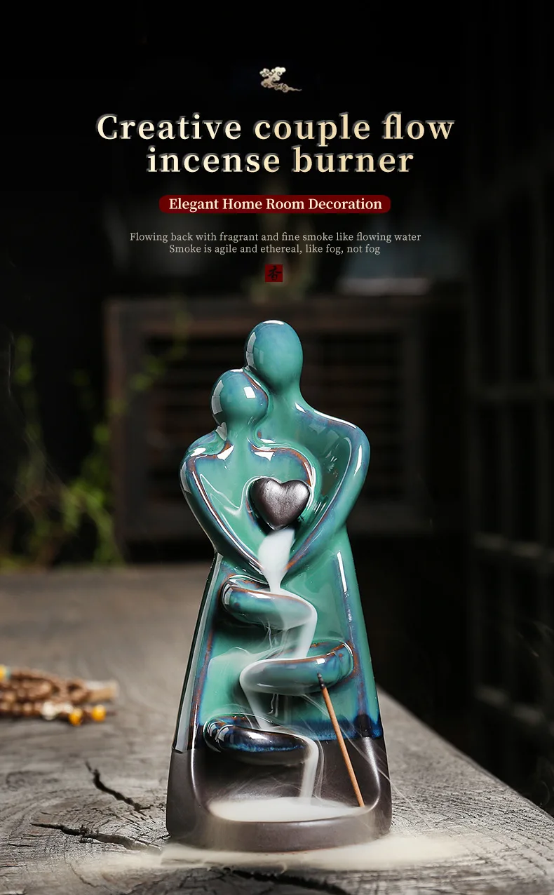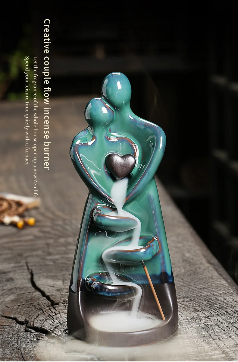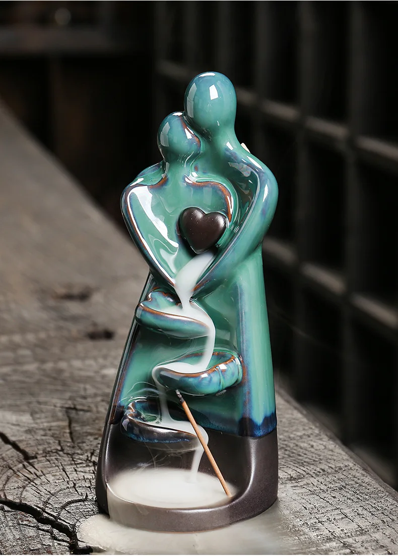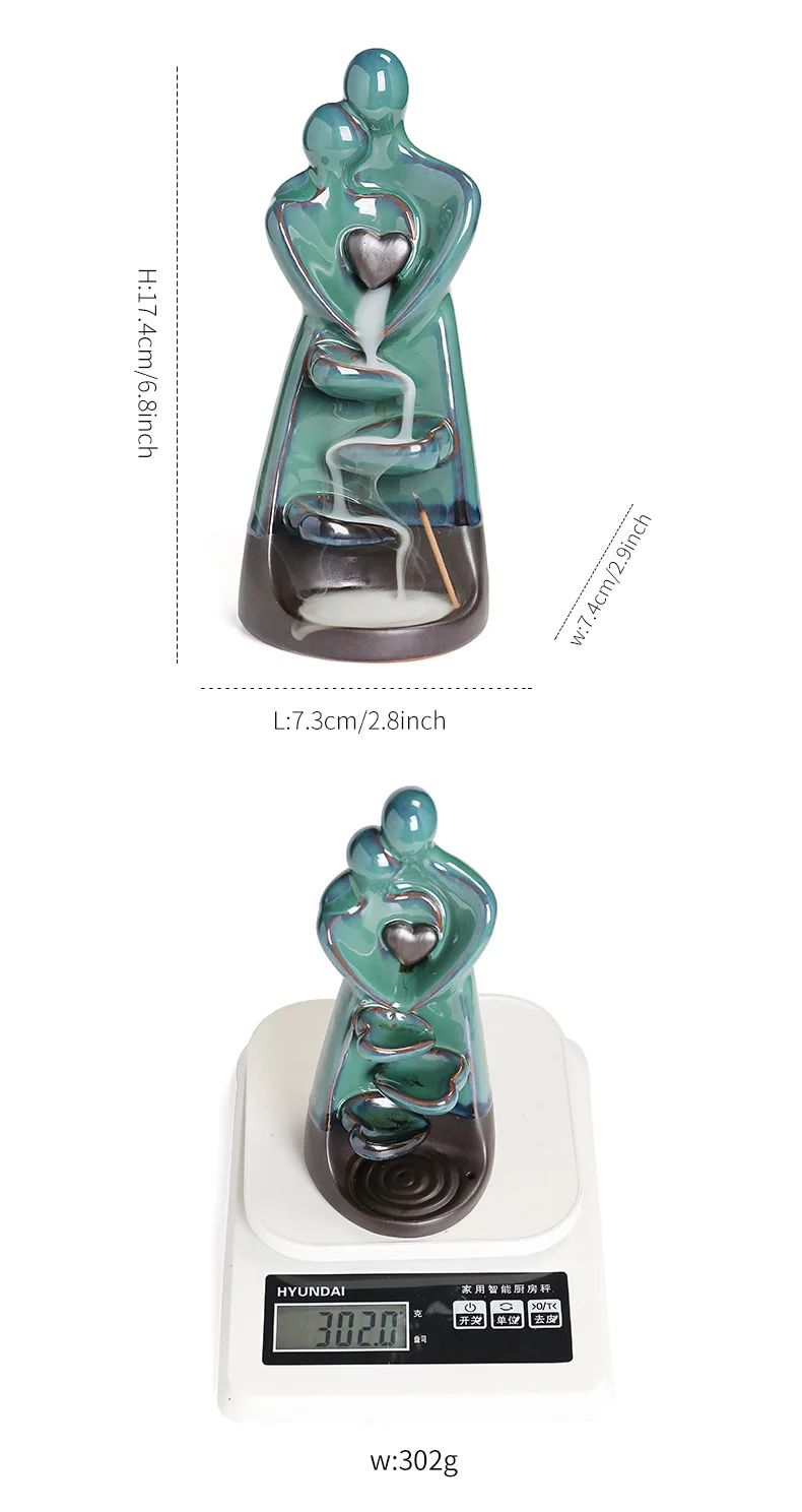 Create a calming atmosphere with this romantic ceramic incense burner, featuring a hugging couple design. When used with backflow incense cones, the smoke cascades like a waterfall, enhancing relaxation and adding artistic charm to any room.
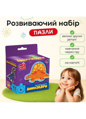 Пірнайте у дивовижний світ кумедних фігурок із навчальним ігровим набором ЗВІРЯТКА-ПАЗЛИКИ! Чудернацькі форми, яскраві кольори та милі зображення звірят відразу ж привертають увагу і спонукають якнайшвидше дослідити цікаву новинку. Нумо поринати у захопливу гру! Ігровий набір знайомить малюка з різними кольорами і формами. Усі елементи створені у вигляді тваринки: лева, кита, динозавра та інших. Безліч варіантів гри: пазли, вежі, балансири та інші допомагають розвивати фантазію та просторове мислення. Пазл: з’єднуйте звірятка-пазлики вертикально або горизонтально, щоб створити коло, прямокутник, квадрат або ж просто поєднуйте за схожими контурами. Вежа: почергово викладайте елементи за подібними формами якомога вище. Балансир: поєднуйте блоки вертикально за протилежними контурами фігур. Грайте у рольові ігри: розігруйте різноманітні сценки та будуйте цікаві сюжетні лінії з тваринками. Звірятка-пазлики зручно брати й складати дитячими ручками, адже вони легкі й великі. Складання елементів допомагає розвинути зорово-моторну координацію, просторовий зір, концентрацію, посидючість, регулювання рухів і зусиль. Ігровий набір дає змогу розвинути: кругозір; дрібну моторику; розвиток уваги. До набору входить: 12 елементів. Kiddi Smart — ваш іграшковий експерт! Рекомендовано для дітей віком від 1 року.
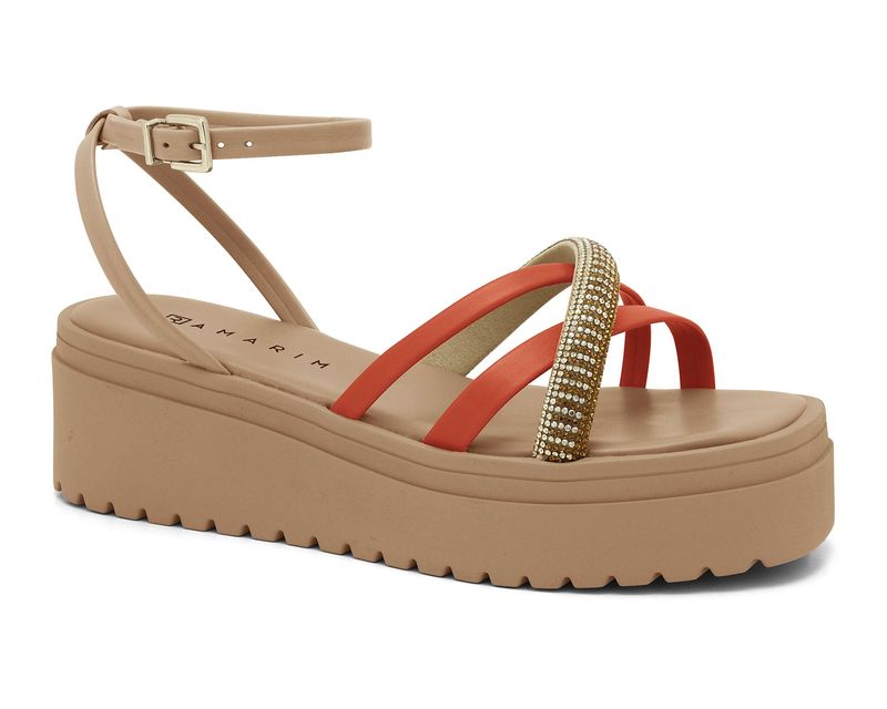 Sandália Plataforma Natural/Pitanga/Caqui Ramarim 2445204-1
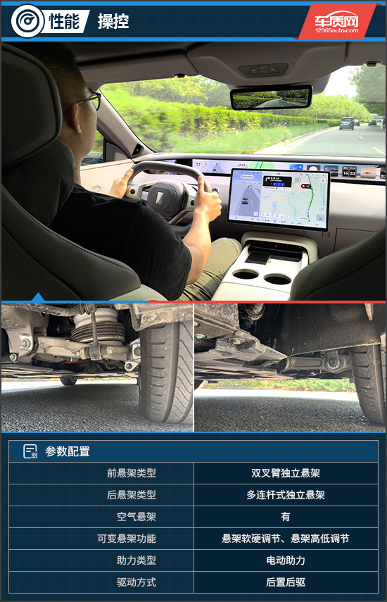 评测车搭载的主动预瞄式魔毯悬架由空气悬架与CDC动态阻尼减震器组成,可通过激光雷达和摄像头实时感知前方路况,主动调节阻尼值以提升舒适性。在舒适模式下,底盘具备一定韧性,对路面颠簸的过滤十分到位,配合柔软宽大的座椅,整体行驶质感颇具高级感。切换至运动模式后,悬架阻尼变化并不明显,但在高速过弯时可提供更强的支撑性,增强操控信心。需指出的是,在应对大幅度颠簸时,车身会出现少许多余震动。
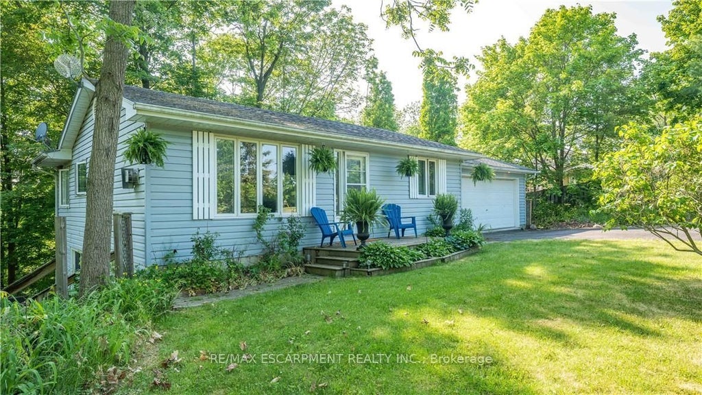 Year round living in the historic hamlet of Port Ryerse. Nestled on almost 1/2 an acre, this property was once 2 separate lots. Just minutes to the beach, this home is perfect for the outdoor enthusiast with fishing, boating & swimming nearby. Enjoy beautiful sunrises and ravine like views from the large eat in kitchen with breakfast bar, ss appliances & new gas range. With over 1700 sq ft of total finished living space, this home is perfect for retirees, first time home buyers or anyone looking to simplify their lifestyle. The main floor features new vinyl flooring throughout. living room with gas fireplace, renovated 4 pc bathroom, master bedroom & second bedroom with walkout to deck. The back deck is perfect for entertaining with access off of the kitchen as well as the 2nd bedroom. The lower level has 2 additional bedrooms, laundry room, 3 pc bathroom, large rec room area with gas fireplace & bay window overlooking the property. Sliding glass doors from this level lead out to a patio, firepit and backyard. Double attached garage with access to back deck. Parking in driveway for 4 cars + 2 spots at back of property. New 200 amp electrical panel '21, heat pump 24, ductless air conditioners & remote garage door 23, vinyl flooring '22, 2000 gallon cistern. Heated by 2 gas fireplaces, new heat pump and baseboard heating. Approximately 10 min drive to Port Dover & Simcoe, 15 min drive to Turkey Point & close to wineries and public golf courses. Rare opportunity to join this welcoming community of Port Ryerse.
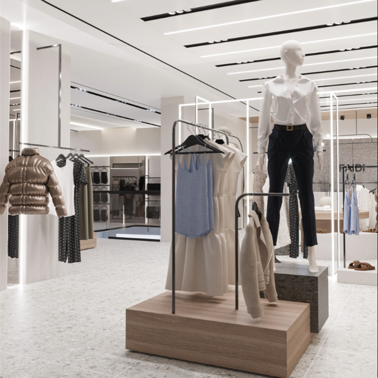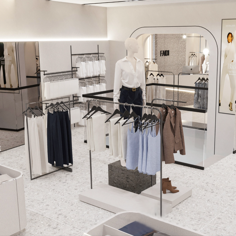 Customized Fashion Clothes Store Interior Design Women's Bag Shoes Furniture Decoration Solution Garment Store Display Rack
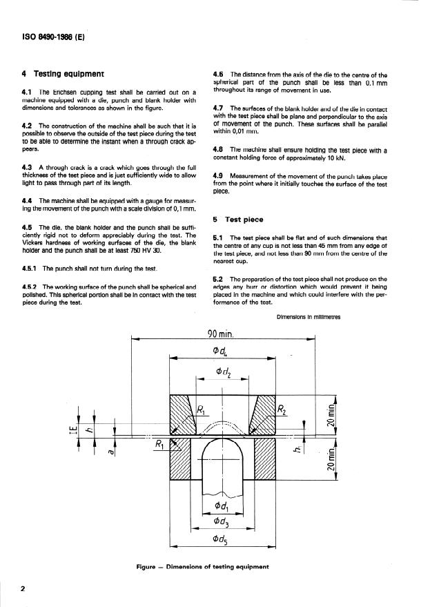 ISO 8490:1986 is a standard published by the International Organization for Standardization (ISO). Its full title is "Metallic materials — Sheet and strip — Modified Erichsen cupping test". This standard covers: Specifies a method for determining the ability of sheets and strips having a thickness from 0,2 up to 2 mm and a width of 90 mm or more to undergo plastic deformation in stretch drawing, The test is referred to as the modified Erichsen cupping test as, in the test as originally introduced, no blank holder pressure was used but, in the interests of obtaining greater consistency of results, this was changed.
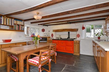 A rear hall leads out to the courtyard and internal doors again lead into both the dining room and drawing room, as well as the kitchen breakfast room and to the sitting room, with further doors to the rear hall and wet room. The Kitchen / breakfast is a dual aspect room with wooden leaded windows overlooking the courtyard, slate flagstone floor, exposed ceiling beams, four oven oil fired Aga, fitted oak wall and base units with roll top worksurfaces, built in dishwasher, and fridge, and recess for a microwave. Doors lead to the panty with slate floor & shelves, fitted units, sink and built-in oven and also to the utility room with fitted cupboards, butler's sink, Miele washing machine and tumble dryer.
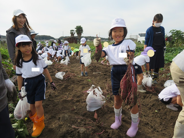 生活科の学習の一環で、1年生がサツマイモ掘りに出かけました。以前の2年生同様、やはたこども園さんの取組に八幡ふぁーみんさんがご支援くださり実現しているものです。サツマイモは、ふぁーみんさんの畑で育てていただいています。今回も、こども園さんからの呼びかけで、1年生児童たちも収穫を体験することができました。ありがとうございました。収穫したサツマイモは、小分けにして持ち帰りますので、ご家庭で、焼き芋やスイートポテトなどにして味わってみてくださいね。
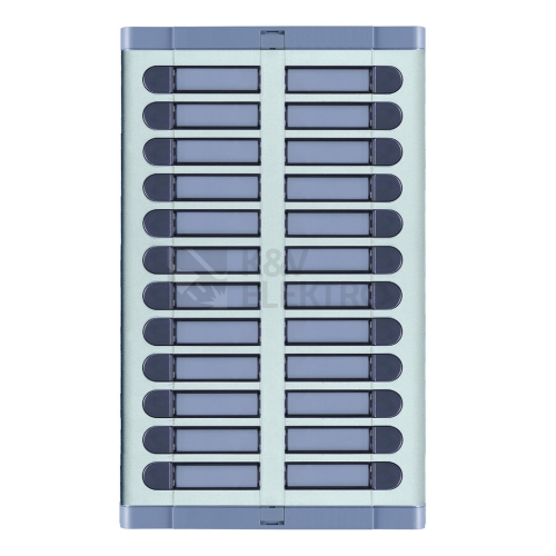 Tlačítkový panel řady 925 s 22 tlačítky ve 2 sloupcích. Včetně instalační krabice pod omítku. Panely jsou tvořeny poměrně silnou čelní deskou z eloxovaného hliníku, zakončenou na horní a dolní straně plastovými lištami.
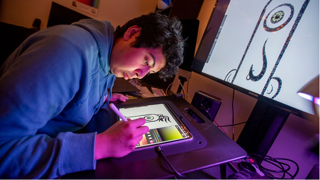 Access state-of-the-art facilities, including a film production studio, sound studio, and high-powered Cintiq computer lab. Students have access to a wide array of professional film and audio equipment.

§ **WHAT YOU NEED TO DO**
Look above for the line with "Customized Fashion Clothes" and the line with "ISO 8490:1986 is", then restate exactly those two lines and all lines between them, with no pictures.

§ **RESULT BELOW**
 Customized Fashion Clothes Store Interior Design Women's Bag Shoes Furniture Decoration Solution Garment Store Display Rack
 ISO 8490:1986 is a standard published by the International Organization for Standardization (ISO). Its full title is "Metallic materials — Sheet and strip — Modified Erichsen cupping test". This standard covers: Specifies a method for determining the ability of sheets and strips having a thickness from 0,2 up to 2 mm and a width of 90 mm or more to undergo plastic deformation in stretch drawing, The test is referred to as the modified Erichsen cupping test as, in the test as originally introduced, no blank holder pressure was used but, in the interests of obtaining greater consistency of results, this was changed.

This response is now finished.